The Texas barbecue roadtrip offers opportunities for all sorts of hangovers: it’s easy to have too much brisket, too many hours of ranchland driving, sometimes even too much alcohol. When you experience all three hangovers at the same time, often near the end of your trip, you don’t necessarily feel like doing much.
Maybe that’s why it took us until our fourth annual Texas trip to get to Zimmerhanzel’s. It was on the map every year, just an hour from our Austin hub. I don’t remember ever planning visits in alphabetical order, but Z’s was always to be the last stop, the trip’s grand finale. And every year, by that last Monday or Tuesday morning, we all had trouble getting out of bed.
It turns out we were actually missing out on something, and it was even closer to Austin than we realized. Z’s occupies an orange, corrugated steel shack in Smithville, a farm town that attempts to distinguish itself from the surrounding farm towns by publicizing its appearance in a Sandra Bullock movie. But all anyone from Smithville should really need to mention is Z’s, and that would be bragging enough.
In short, the place exudes both quality and atmosphere. It’s tough to do one authentically, but both? Great barbecue is an alchemist’s mix of art and craft, and the pitmaster at Z’s has clearly mastered his (or her) style.

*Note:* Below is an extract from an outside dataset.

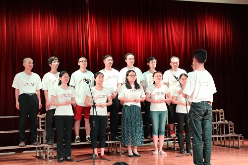在正式比赛开始前,作为嘉宾出席的十余名计算机科学系老师首先为同学们献唱了一首优美婉转的《茉莉花》。老师们身着整齐的队服令人眼前一亮,原本在同学们眼中是严谨治学的老师们此刻一改平日印象,活泼的合唱形式、优雅嘹亮的歌声让场下的欢呼声和掌声不断,现场氛围热烈火爆。

But let’s start with the decor. A restaurant’s interior should reflect the personality of its clientele without pandering to the lowest common denominator or goading patrons to live beyond their means. When you’ve walked into Z’s dark dining room from a sunny January day and you’ve given your pupils a moment to dilate, what do you see? Plastic tables with tops of faux woodgrain, each one surrounded by orange cafeteria chairs. An entire long wall adorned with taxidermy. Ceiling tiles that easily (and visibly) predate any smoking ban. Yes, this is rural Texas, and you’re in for a treat.
You can’t compare any two Texas barbecue joints without comparing the styles and qualities of their brisket; that’s why brisket is always the cornerstone of our meals. As we approached the cafeteria-style ordering line at Z’s with a plan that included nothing but brisket, a faint recollection from the night before appeared hazily in our minds. Back in Austin, an older, baritone-voiced barfly named George had declared Z’s sausage the best in Texas. Since more than one of us seemed to share this memory, we decided we’d also sample the sausage. I’m sure we ordered some sides, and as is the norm for central Texas, we received about half a loaf of white bread alongside our meat (we now refer to slices of white bread as “napkins.”)

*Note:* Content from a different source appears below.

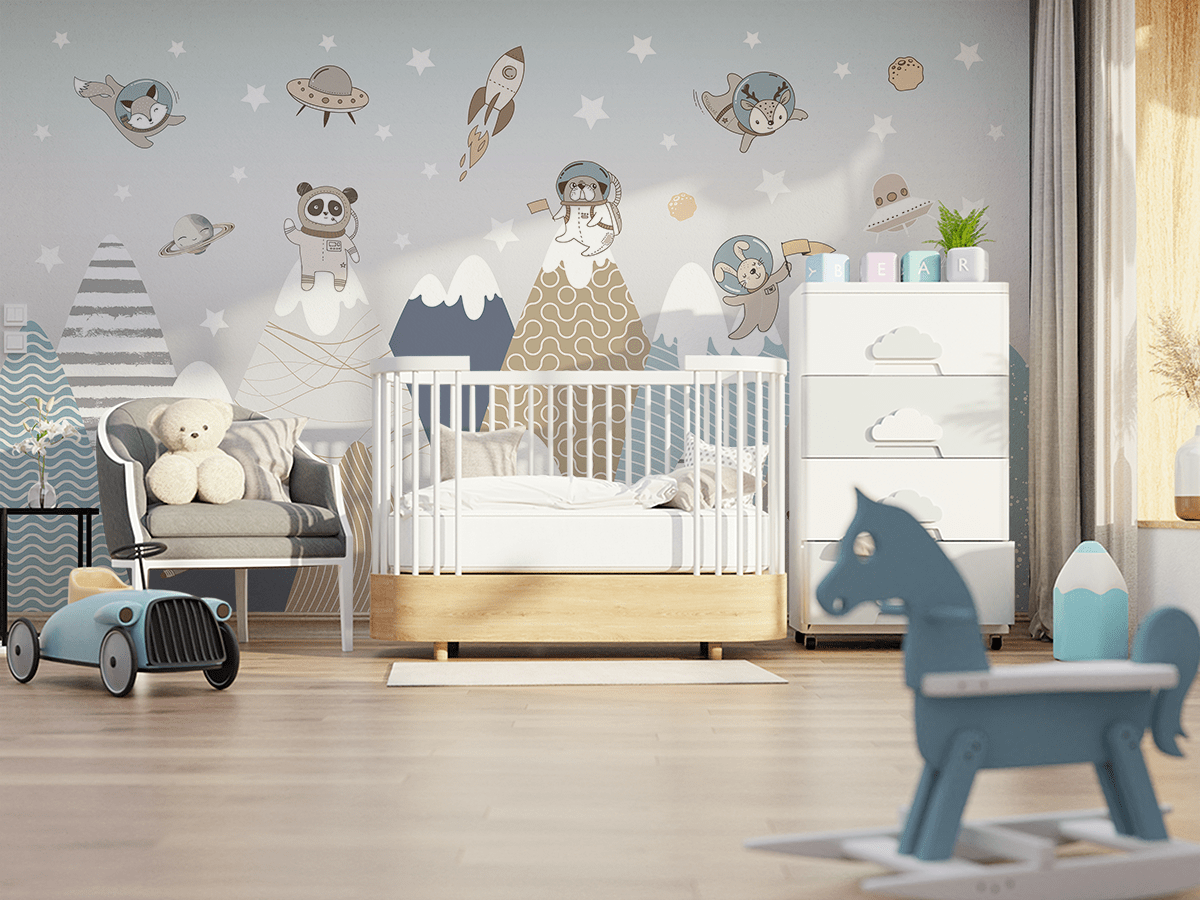 Krijoni një atmosferë unike në dhomën e fëmijës suaj me muralin “Shtigje Galaktike”. Ky ilustrim shumëngjyrësh dhe imagjinativ përshkruan kafshë me kostume hapësinore që zbulojnë sekretet e yjeve dhe planetëve të largët. Ngjyrat e ndezura dhe personazhet miqësorë e bëjnë hapësirën të gëzueshme, frymëzuese dhe të favorshme për të luajtur.

Z’s brisket places somewhere right between the succulent, pink-smoke-ringed fare of Snow’s and Franklin, and the darker, sometimes drier stuff from Kreutz and Smitty’s. Plenty of pinkish color, plenty of marbling, plenty of moisture, plenty of smoky flavor. There was even a good amount of “bark” — caramelized fat plus the leavings of any dry rub — which we love to see but don’t see enough.
Now, about that sausage: is it even possible for sausage to have a delicate flavor? We’ve tried a lot of links that could be described a lot of different ways, from greasy (Smitty’s) to chipotle-hot (Black’s) to cheesy (Burnet Feed Store) to coarse and spicy (City Meat Market). The weird thing about Z’s sausage is that you want to say it’s bland in comparison to other local options — but then you realize that’d be an insult. There’s plenty of black pepper (just have a look at the photos), and some sweetness, too, but maybe that’s it. Simple, rustic, well-smoked, and delicious. That’s exactly what barbecue is supposed to be.

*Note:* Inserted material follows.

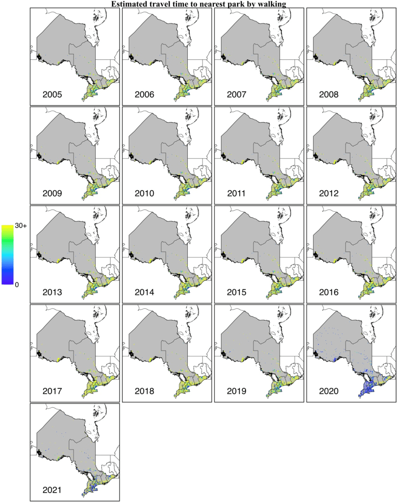 The dataset on travel times for the nearest parks by walking is created by considering landscape constrains and a travel scenario that defines the travel speeds for each land cover class.

Zimmerhanzel’s is more than just good eats, though. In contrast to the gradually-being-resuscitated barbecue scene in Austin, or the inauthentic character and contrived experience of going to the Salt Lick, it’s a welcoming window into rural life in Texas. Our long-planned visit was a great way to start the fifth day of our most recent barbecue binge, satisfying and deepening our addictions at the same time.
BONUS FREAKSHOW: As we were wrapping up our visit, a dude noticed our camera arsenal and asked if he could show us an image on his phone. He showed us a photo of three UFOs he claimed his buddy had just taken, and he asked us to keep an eye on the sky.